California Ballot Measure Will Likely Ban Anonymous Speech If You Were Arrested For Urinating In Public

from the that's-not-constitutional dept

Here in California, of course, we have a number of (often excessively confusing) ballot measures every election season, and this year is no exception. I’ve spent a fair amount of time going through the various ballot measures myself in determining how I’d vote on them, and it quickly becomes clear that — as with so much in government — the devil is in the details, and the details are often hidden or purposely shoved aside. Take, for example, ballot measure 35. The “summary” version of it sounds like something that many would support:

Increases prison sentences and fines for human trafficking convictions.
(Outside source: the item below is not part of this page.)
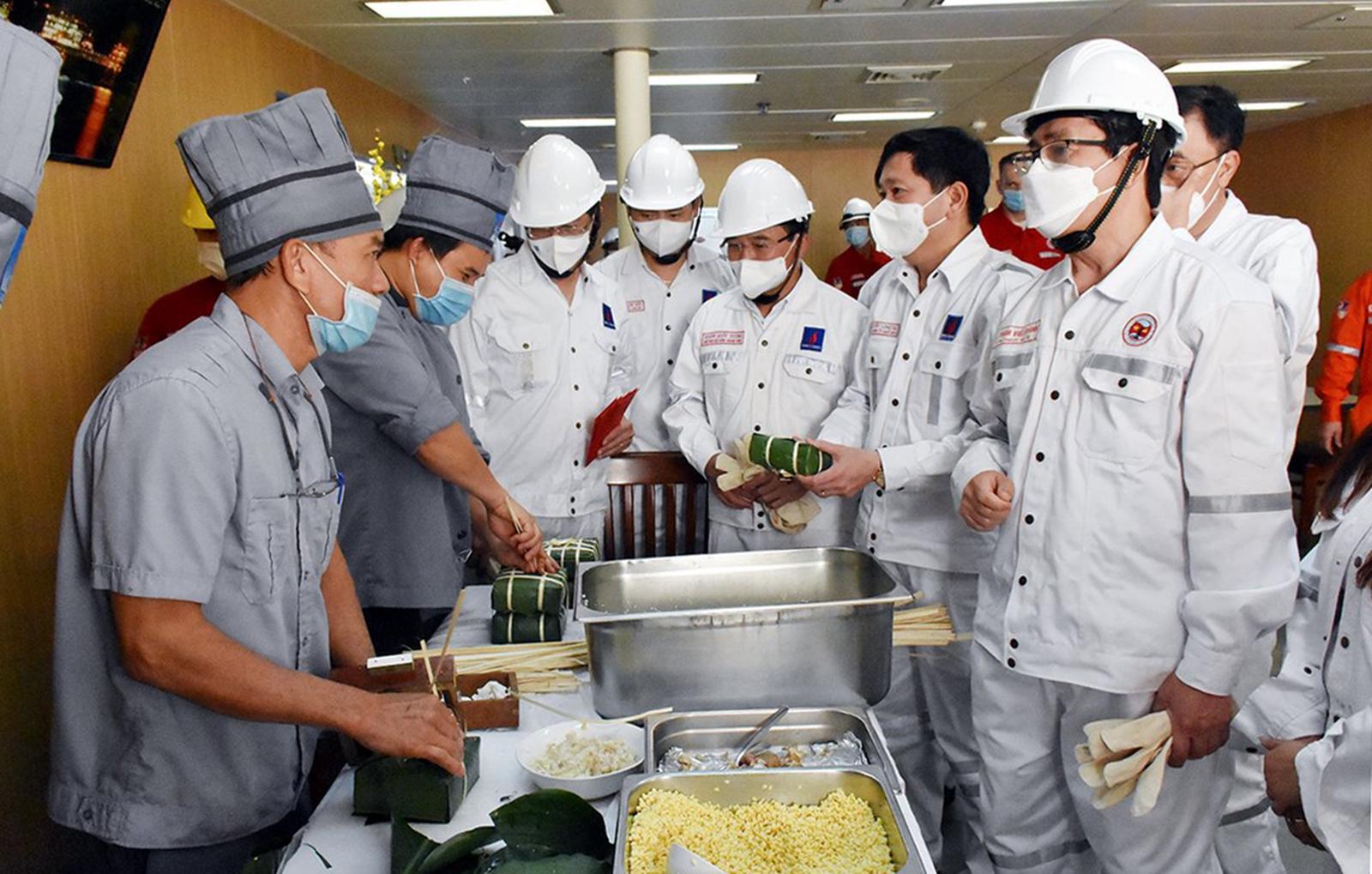 Đoàn Công tác thăm khu vực bếp ăn của Giàn CNTT 3 - nơi các đầu bếp đang gói bánh chưng chuẩn bị đón Tết Nguyên đán trên giàn

Requires convicted human traffickers to register as sex offenders. Requires registered sex offenders to disclose Internet activities and identities. Fiscal Impact: Costs of a few million dollars annually to state and local governments for addressing human trafficking offenses. Potential increased annual fine revenue of a similar amount, dedicated primarily for human trafficking victims.

Human trafficking is certainly a big concern. However, there are a lot of details here. That “disclose Internet activities and identities” part is already a concern. And, many of us have heard the horror stories of how states put all sorts of people on “sex offenders” lists for things that aren’t sex offenses — things like urinating in public or (perhaps slightly more controversial) two teenagers engaging in consensual sexual activity.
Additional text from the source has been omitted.